Со страшным ржавым звуком трогается наконец-то карусель. Вопли и слезы. Медали и ордена. Помилование приговоренных ко сну. Очередь сопливых за билетами. В глазах осла плывет жасминный куст. Из его белого взрыва надрачивает что-то простонародное гармошка. Совсем рядом летают в воздухе крепко сжатые кулаки, лопаются мелкие сосуды, несется вскачь ошалевшая кровь, кипит лимфа, поминаются родственники женского пола с обеих сторон: "Твою мать, ать, ать... Дай ему! Дай ему промеж рог..."
* * *
В тот вечер, когда скрипя, ибо ревматизм не шутка, старая карусель сдвинулась с места, сдвинулся с места и поселок. Переполненный, как старая барка, гениями и графоманами, антропософами и хиппарями, дзэн-буддистами и потаскушками, уже отсидевшими и все еще ожидающими отсидки, генералами от партийной музы и гомосексуалистами, поселок накренился, загудел и отчалил от берегов родины. Началось с небольшого скандала, когда банда тунеядцев-волосатиков, изловив на выходе из писательской столовой начальника московской литературы (бедняга безмятежно ковырял в зубах спичкой), задала ему преступный по сути вопрос: "Почему в стране победившего социализма (победившего кого?) тиражом в двести тысяч экземпляров выходит на подтирку не годящийся журнал Уголь, а журнала поэзии нет?" Начальство отрыгнуло коньячком и попробовало улизнуть. Мешал живот и улыбающиеся глаза коллег. А распоясавшиеся юнцы шпарили дальше: "Какой вред самой передовой в мире от стишков и песенок? В каких отношениях состоит ЦК с Парнасом? Когда кончат возить тяжелую воду на отечественном Пегасе? И не пора ли освободить от лесоповала поэта Веревкина?" Неизвестно, чем бы все это кончилось, скорее всего, микроинфарктом, ибо кто же может выдержать без физических потерь вслух задаваемые подобные вопросы, но тут грянул гром, сверкнула молния, и не кто иной, как Стась, в сопровождении хромого милиционера и бабы Гитлер, явился глазам обалдевшей публики. Ловко заломив ближайшему говоруну руку, Стась сунул под нос любителям вопросов известного вишневого цвета удостоверение и тем самым заложил самого себя на веки веков.
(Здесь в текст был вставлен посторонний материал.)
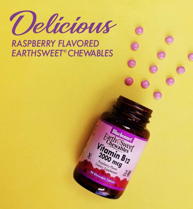 Bluebonnet's EarthSweet® Chewables Vitamin B12 2000 mcg Tablets are formulated with crystalline vitamin B12 that supports cellular energy production and nervous system health in a delicious raspberry flavor. Sweetened with EarthSweet® a proprietary sweetening mix of fruit powders and sugar cane crystals.
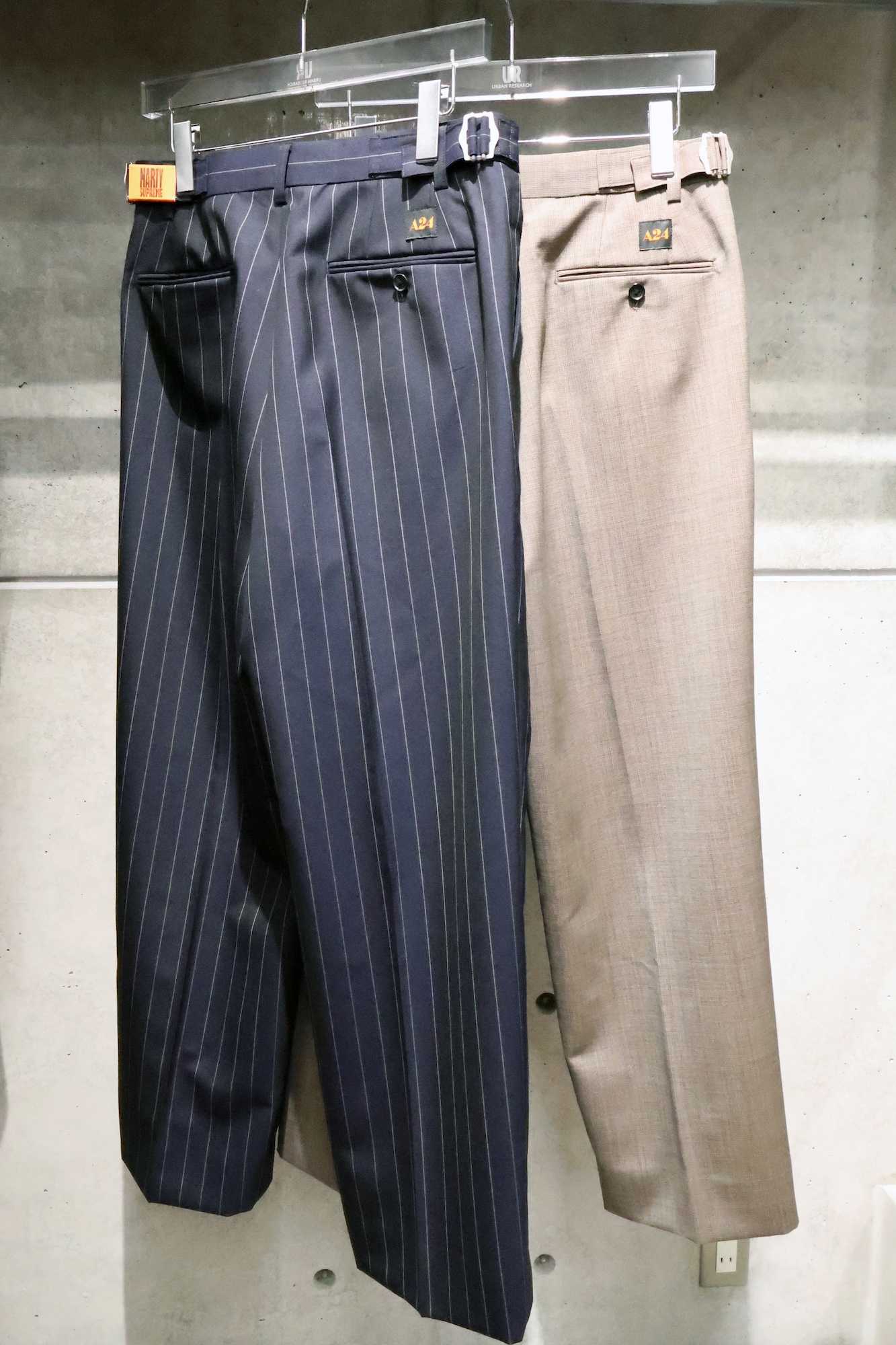 スラックスは、劇中でマーティが着ている衣装をイメージ。バックのA24タグがアクセントとなっている。

Публика запела Интернационал. "Ишь, пастернакипь..." - рычало начальство. Хиппы, однако же, презрев традиции тридцать седьмого года, а также пятьдесят второго, не слиняли, а дружно врезали оперуполномоченному по первичным половым признакам и, подхватив друга, смылись в сторону базальтовых образований эпохи неолита.
Публика, покончив с Интернационалом, неожиданно перехлестнула на Опавшие листья, капитан подводной лодки выслал на берег шлюпку с отлично наглаженными матросиками и на всякий случай велел расчехлить зенитный пулемет. На писательском пляже в тени, образуемой щитом с инструкцией, как вести себя во время утопания, пионерка Люся пыталась отдаться поэту Гаврильчику, но ничего не выходило. Слезы неразделенной любви орошали ее грудь. В это время на всех парусах подбежал к пирсу прогулочный катер Киммерия, и вдребезень пьяная съемочная группа Мосфильма влилась в народные массы.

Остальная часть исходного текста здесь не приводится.